▶ [WHAT TO PRODUCE]
Print every line from the start of the data, and when you reach the line with "2、进入基建页面后,点击左侧", include it and stop. Pictures are not part of the copy.
Start of Block
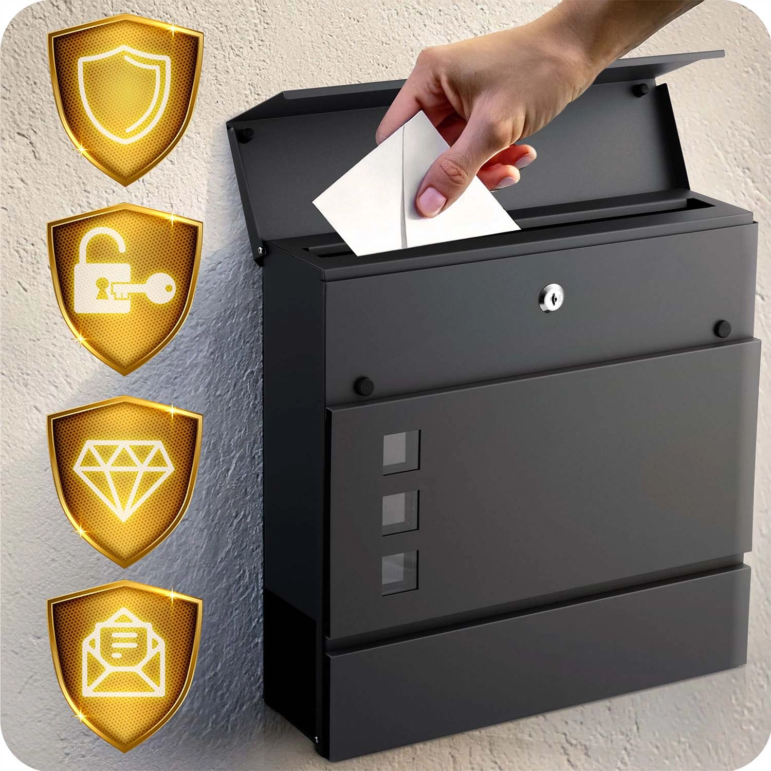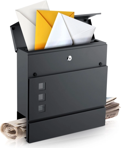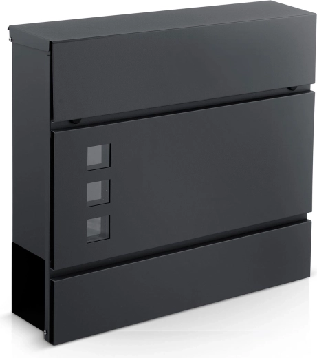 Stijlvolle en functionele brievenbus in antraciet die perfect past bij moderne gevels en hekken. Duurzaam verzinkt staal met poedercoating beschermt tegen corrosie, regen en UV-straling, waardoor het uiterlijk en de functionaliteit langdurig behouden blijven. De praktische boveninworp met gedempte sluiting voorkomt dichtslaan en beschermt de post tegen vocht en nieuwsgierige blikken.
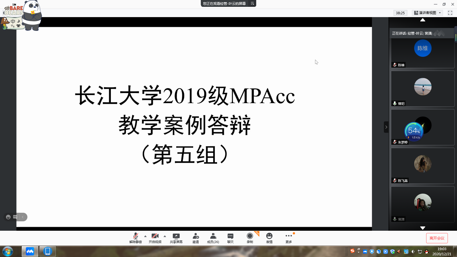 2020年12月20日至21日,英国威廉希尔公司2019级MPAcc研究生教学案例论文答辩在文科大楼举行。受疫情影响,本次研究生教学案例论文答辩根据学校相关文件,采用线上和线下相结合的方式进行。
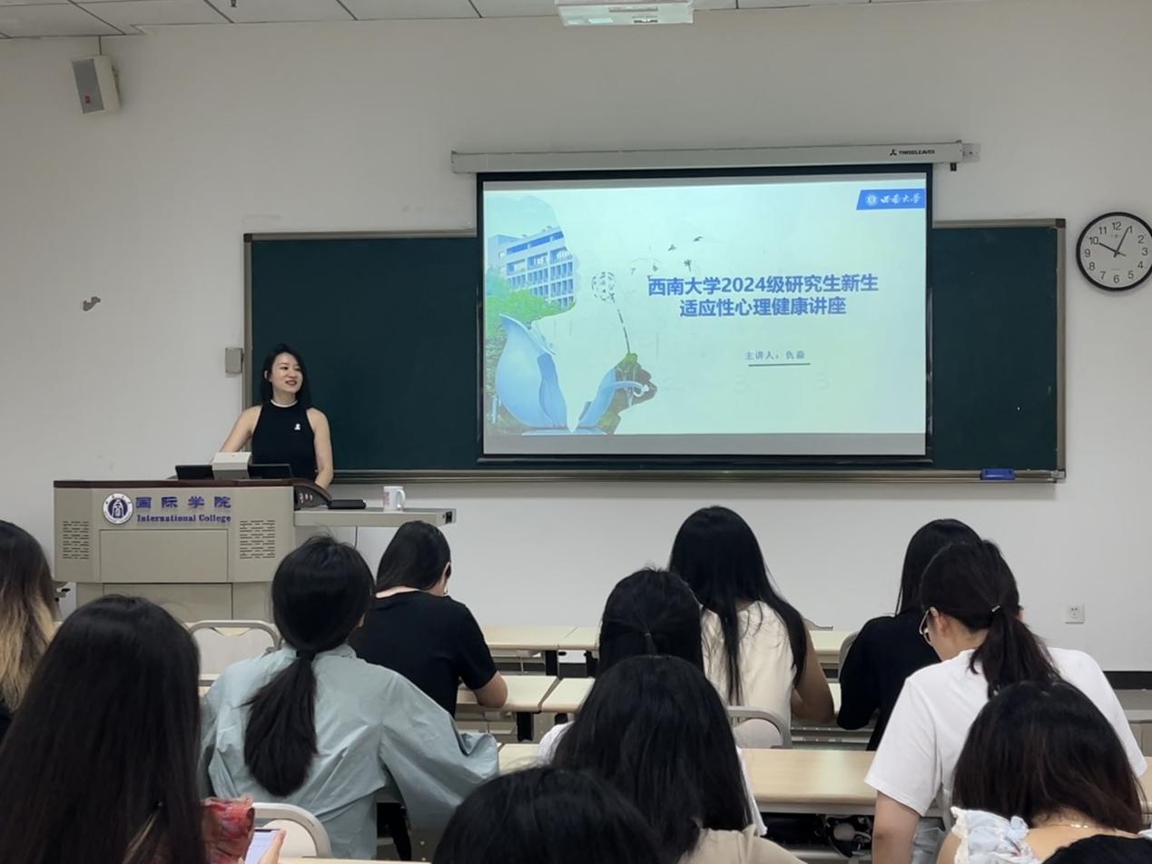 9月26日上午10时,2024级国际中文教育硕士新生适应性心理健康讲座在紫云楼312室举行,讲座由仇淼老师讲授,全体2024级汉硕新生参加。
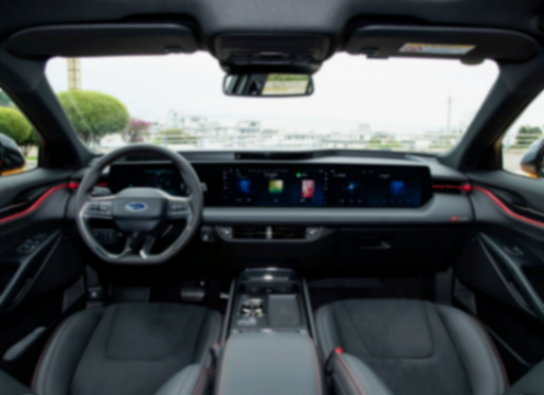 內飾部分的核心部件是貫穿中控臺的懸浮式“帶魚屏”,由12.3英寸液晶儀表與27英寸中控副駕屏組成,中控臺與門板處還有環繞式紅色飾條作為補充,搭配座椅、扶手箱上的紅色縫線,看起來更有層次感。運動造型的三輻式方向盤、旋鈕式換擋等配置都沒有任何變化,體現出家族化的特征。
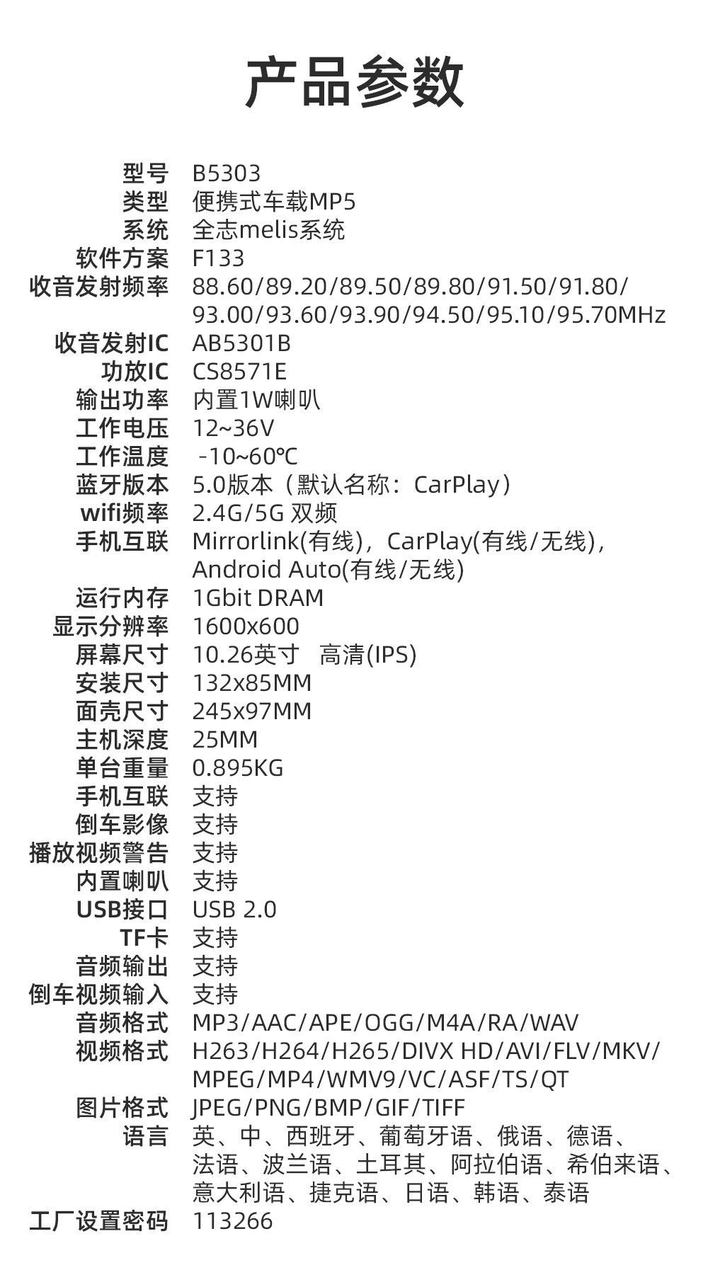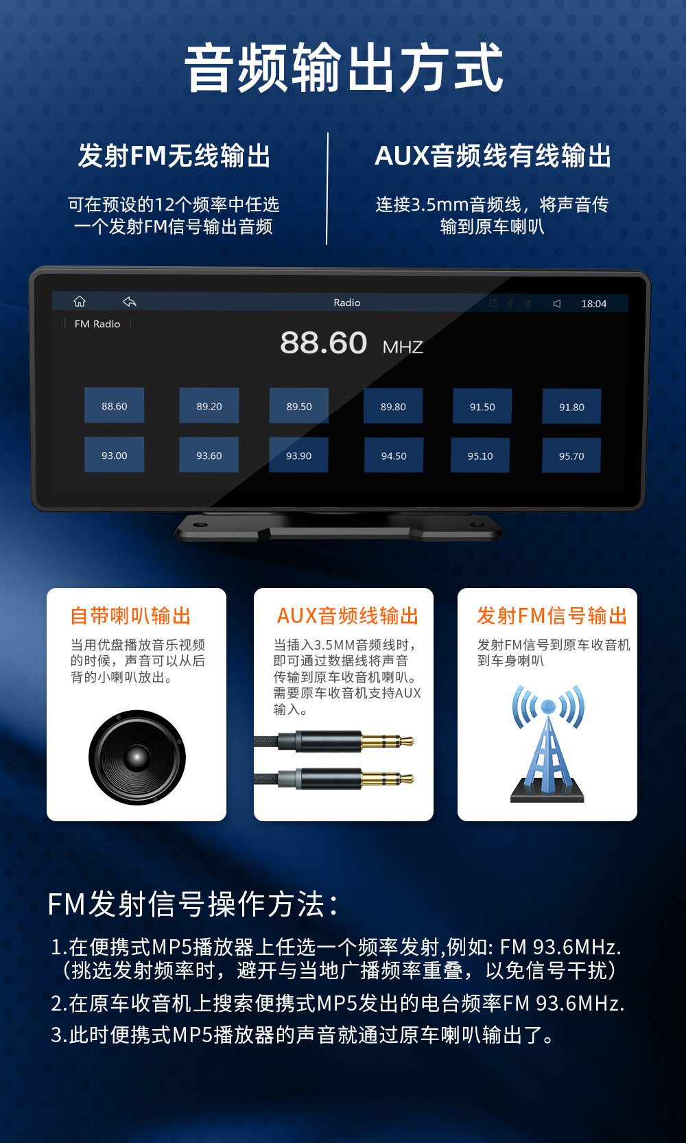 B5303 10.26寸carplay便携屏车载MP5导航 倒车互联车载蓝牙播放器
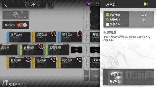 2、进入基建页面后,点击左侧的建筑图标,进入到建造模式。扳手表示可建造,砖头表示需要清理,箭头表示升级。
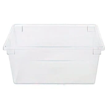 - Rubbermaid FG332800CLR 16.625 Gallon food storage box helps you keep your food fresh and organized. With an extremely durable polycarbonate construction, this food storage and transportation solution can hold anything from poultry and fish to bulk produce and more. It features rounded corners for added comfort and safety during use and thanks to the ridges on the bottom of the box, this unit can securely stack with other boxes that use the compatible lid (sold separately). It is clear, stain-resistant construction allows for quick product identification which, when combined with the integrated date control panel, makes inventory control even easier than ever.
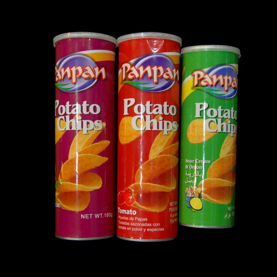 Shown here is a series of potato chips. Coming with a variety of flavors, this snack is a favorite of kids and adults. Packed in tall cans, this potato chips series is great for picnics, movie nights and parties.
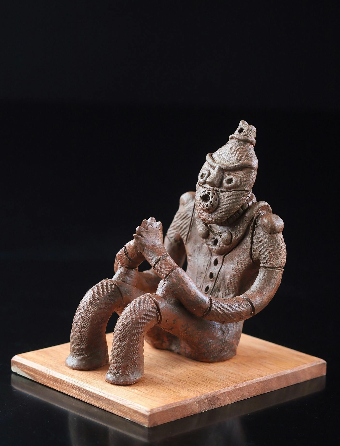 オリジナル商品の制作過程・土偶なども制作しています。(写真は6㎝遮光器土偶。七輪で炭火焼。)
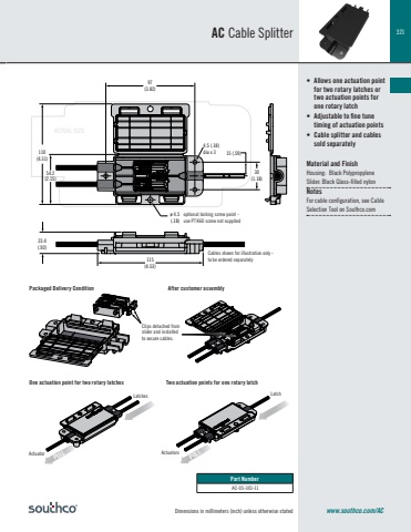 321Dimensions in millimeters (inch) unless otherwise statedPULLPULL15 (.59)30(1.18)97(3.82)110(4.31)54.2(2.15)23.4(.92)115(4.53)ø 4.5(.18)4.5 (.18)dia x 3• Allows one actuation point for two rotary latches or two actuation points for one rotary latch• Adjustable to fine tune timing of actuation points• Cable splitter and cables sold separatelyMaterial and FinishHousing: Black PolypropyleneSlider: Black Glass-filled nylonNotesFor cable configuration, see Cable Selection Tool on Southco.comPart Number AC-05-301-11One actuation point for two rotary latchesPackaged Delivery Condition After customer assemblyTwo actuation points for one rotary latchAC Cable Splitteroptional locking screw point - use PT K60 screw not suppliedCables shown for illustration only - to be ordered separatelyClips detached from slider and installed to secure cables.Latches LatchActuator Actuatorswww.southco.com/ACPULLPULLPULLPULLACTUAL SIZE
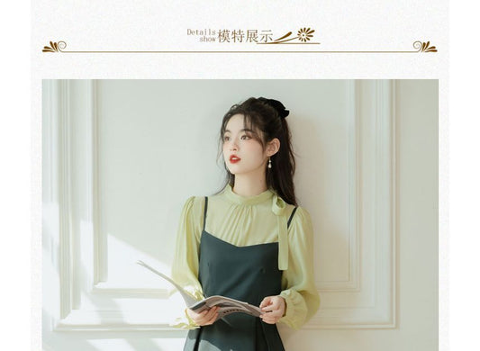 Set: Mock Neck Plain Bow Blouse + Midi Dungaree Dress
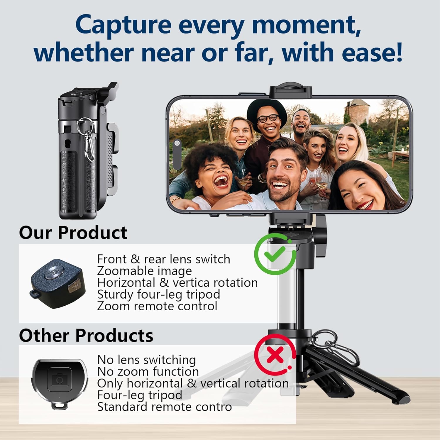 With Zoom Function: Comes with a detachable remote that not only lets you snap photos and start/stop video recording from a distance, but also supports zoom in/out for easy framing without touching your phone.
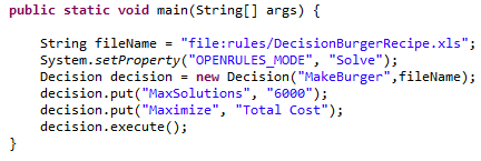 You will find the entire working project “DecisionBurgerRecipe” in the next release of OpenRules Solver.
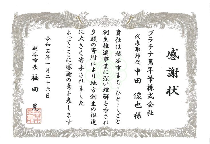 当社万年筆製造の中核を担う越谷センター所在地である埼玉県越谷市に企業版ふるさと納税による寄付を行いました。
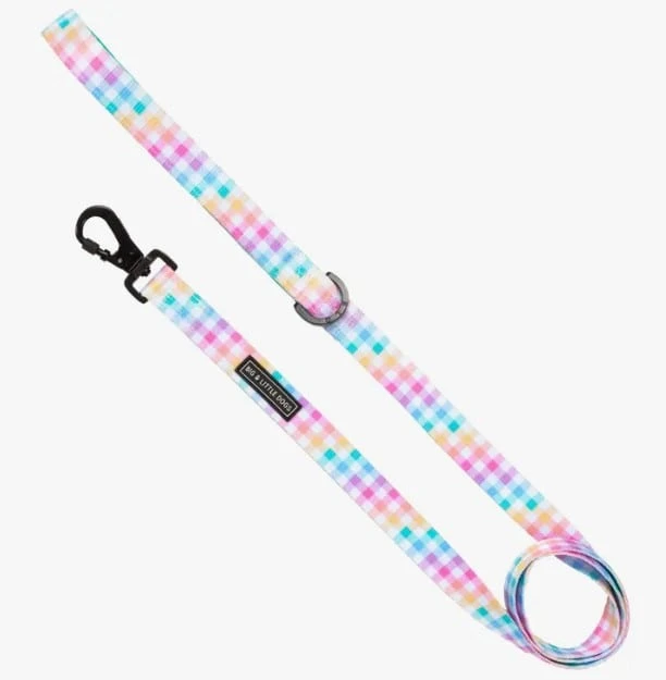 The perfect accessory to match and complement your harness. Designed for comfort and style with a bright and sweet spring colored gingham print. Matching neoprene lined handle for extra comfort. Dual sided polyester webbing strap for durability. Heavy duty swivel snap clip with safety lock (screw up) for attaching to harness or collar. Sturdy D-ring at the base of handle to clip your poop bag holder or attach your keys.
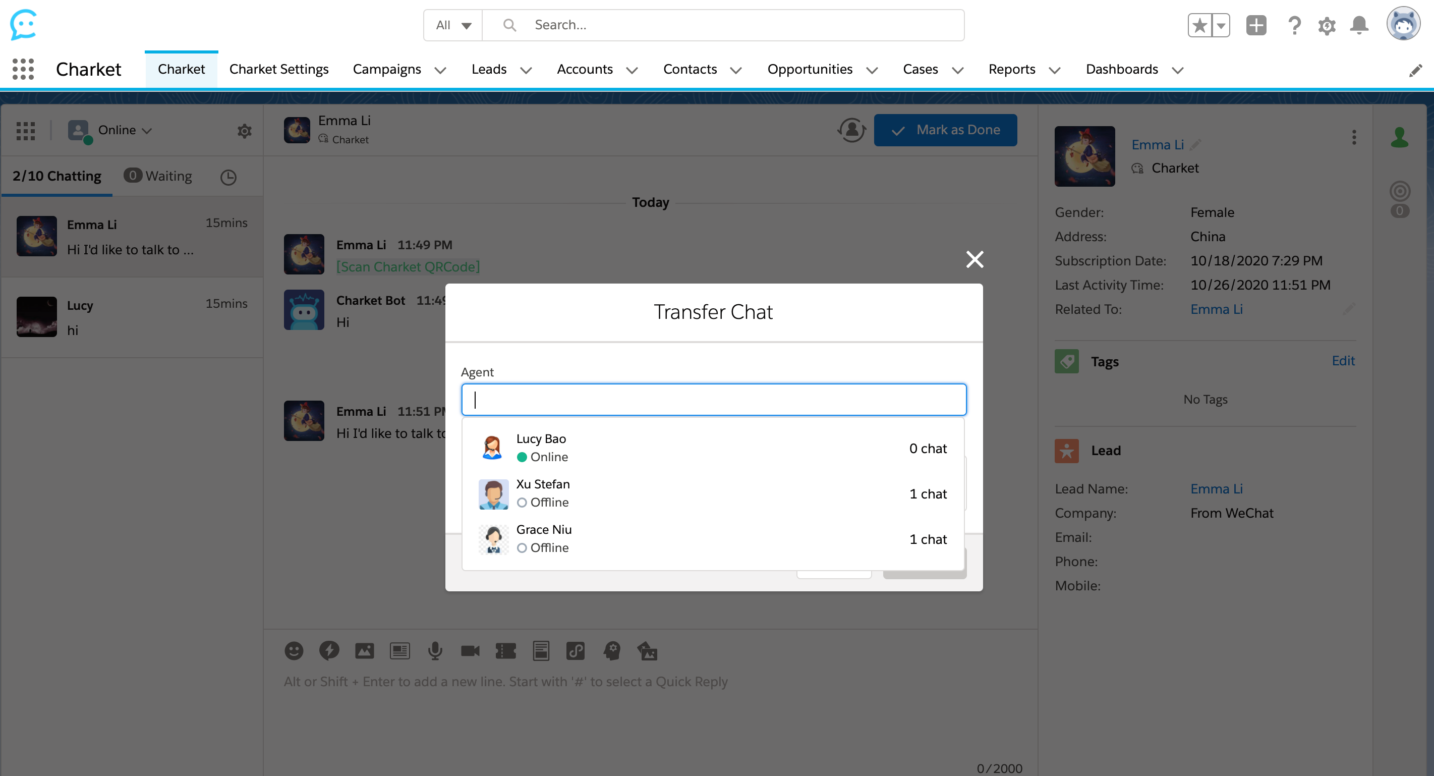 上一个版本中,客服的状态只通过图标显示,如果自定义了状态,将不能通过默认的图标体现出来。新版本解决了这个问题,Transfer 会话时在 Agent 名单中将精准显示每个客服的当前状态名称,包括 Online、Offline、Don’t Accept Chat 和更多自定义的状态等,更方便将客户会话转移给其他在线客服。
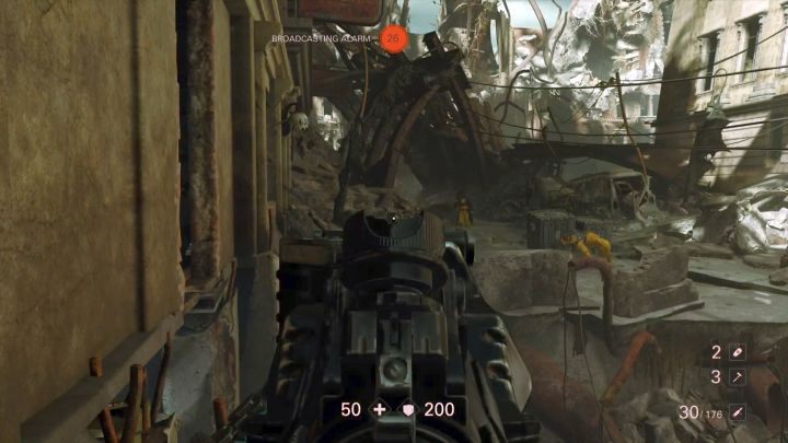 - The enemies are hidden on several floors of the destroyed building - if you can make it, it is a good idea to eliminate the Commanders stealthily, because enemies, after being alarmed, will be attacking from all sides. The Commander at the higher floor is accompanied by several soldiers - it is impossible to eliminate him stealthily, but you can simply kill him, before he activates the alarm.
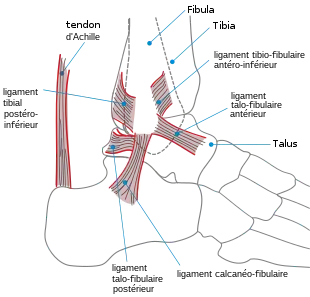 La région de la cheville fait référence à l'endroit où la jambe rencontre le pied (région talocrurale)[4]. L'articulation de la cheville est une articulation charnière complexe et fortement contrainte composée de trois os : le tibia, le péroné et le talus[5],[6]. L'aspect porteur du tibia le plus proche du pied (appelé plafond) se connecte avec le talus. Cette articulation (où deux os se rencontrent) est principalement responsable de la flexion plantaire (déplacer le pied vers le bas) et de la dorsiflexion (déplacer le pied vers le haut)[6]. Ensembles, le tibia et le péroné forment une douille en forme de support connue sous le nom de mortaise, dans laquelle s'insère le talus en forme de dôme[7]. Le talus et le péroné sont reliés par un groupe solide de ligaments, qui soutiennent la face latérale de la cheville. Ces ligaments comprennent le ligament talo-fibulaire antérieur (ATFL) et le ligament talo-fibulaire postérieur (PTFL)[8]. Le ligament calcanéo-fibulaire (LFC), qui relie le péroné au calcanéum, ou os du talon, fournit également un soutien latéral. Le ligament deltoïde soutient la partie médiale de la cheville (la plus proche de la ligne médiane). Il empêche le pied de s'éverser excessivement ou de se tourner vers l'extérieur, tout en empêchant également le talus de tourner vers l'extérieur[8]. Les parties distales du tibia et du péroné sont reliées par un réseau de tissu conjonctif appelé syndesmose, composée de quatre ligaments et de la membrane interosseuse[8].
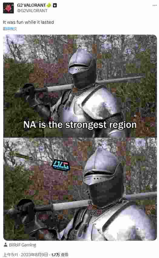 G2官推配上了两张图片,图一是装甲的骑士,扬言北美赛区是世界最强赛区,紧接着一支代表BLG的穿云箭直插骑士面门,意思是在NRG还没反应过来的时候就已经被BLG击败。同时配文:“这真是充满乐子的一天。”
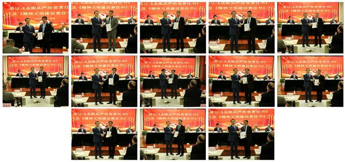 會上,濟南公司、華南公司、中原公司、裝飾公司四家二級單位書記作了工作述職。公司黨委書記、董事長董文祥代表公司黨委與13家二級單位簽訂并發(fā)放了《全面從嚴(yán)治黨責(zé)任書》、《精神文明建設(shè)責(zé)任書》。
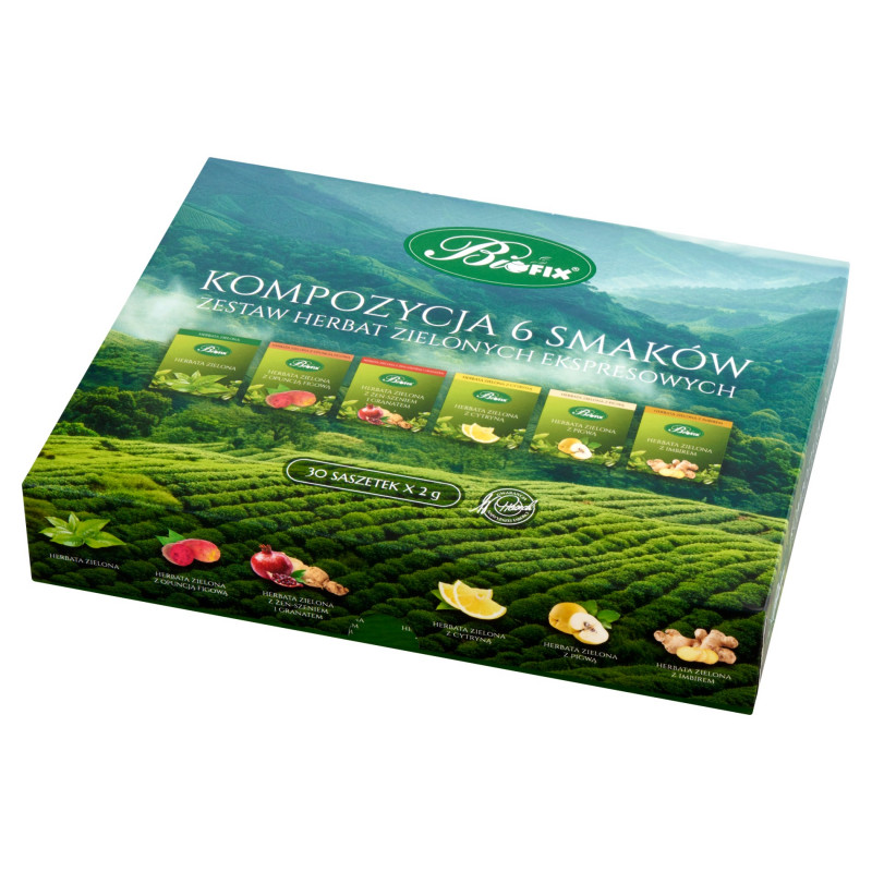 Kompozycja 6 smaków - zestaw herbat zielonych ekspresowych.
End of Block
▶ [TASK RESPONSE]
 Stijlvolle en functionele brievenbus in antraciet die perfect past bij moderne gevels en hekken. Duurzaam verzinkt staal met poedercoating beschermt tegen corrosie, regen en UV-straling, waardoor het uiterlijk en de functionaliteit langdurig behouden blijven. De praktische boveninworp met gedempte sluiting voorkomt dichtslaan en beschermt de post tegen vocht en nieuwsgierige blikken.
 2020年12月20日至21日,英国威廉希尔公司2019级MPAcc研究生教学案例论文答辩在文科大楼举行。受疫情影响,本次研究生教学案例论文答辩根据学校相关文件,采用线上和线下相结合的方式进行。
 9月26日上午10时,2024级国际中文教育硕士新生适应性心理健康讲座在紫云楼312室举行,讲座由仇淼老师讲授,全体2024级汉硕新生参加。
 內飾部分的核心部件是貫穿中控臺的懸浮式“帶魚屏”,由12.3英寸液晶儀表與27英寸中控副駕屏組成,中控臺與門板處還有環繞式紅色飾條作為補充,搭配座椅、扶手箱上的紅色縫線,看起來更有層次感。運動造型的三輻式方向盤、旋鈕式換擋等配置都沒有任何變化,體現出家族化的特征。
 B5303 10.26寸carplay便携屏车载MP5导航 倒车互联车载蓝牙播放器
 2、进入基建页面后,点击左侧的建筑图标,进入到建造模式。扳手表示可建造,砖头表示需要清理,箭头表示升级。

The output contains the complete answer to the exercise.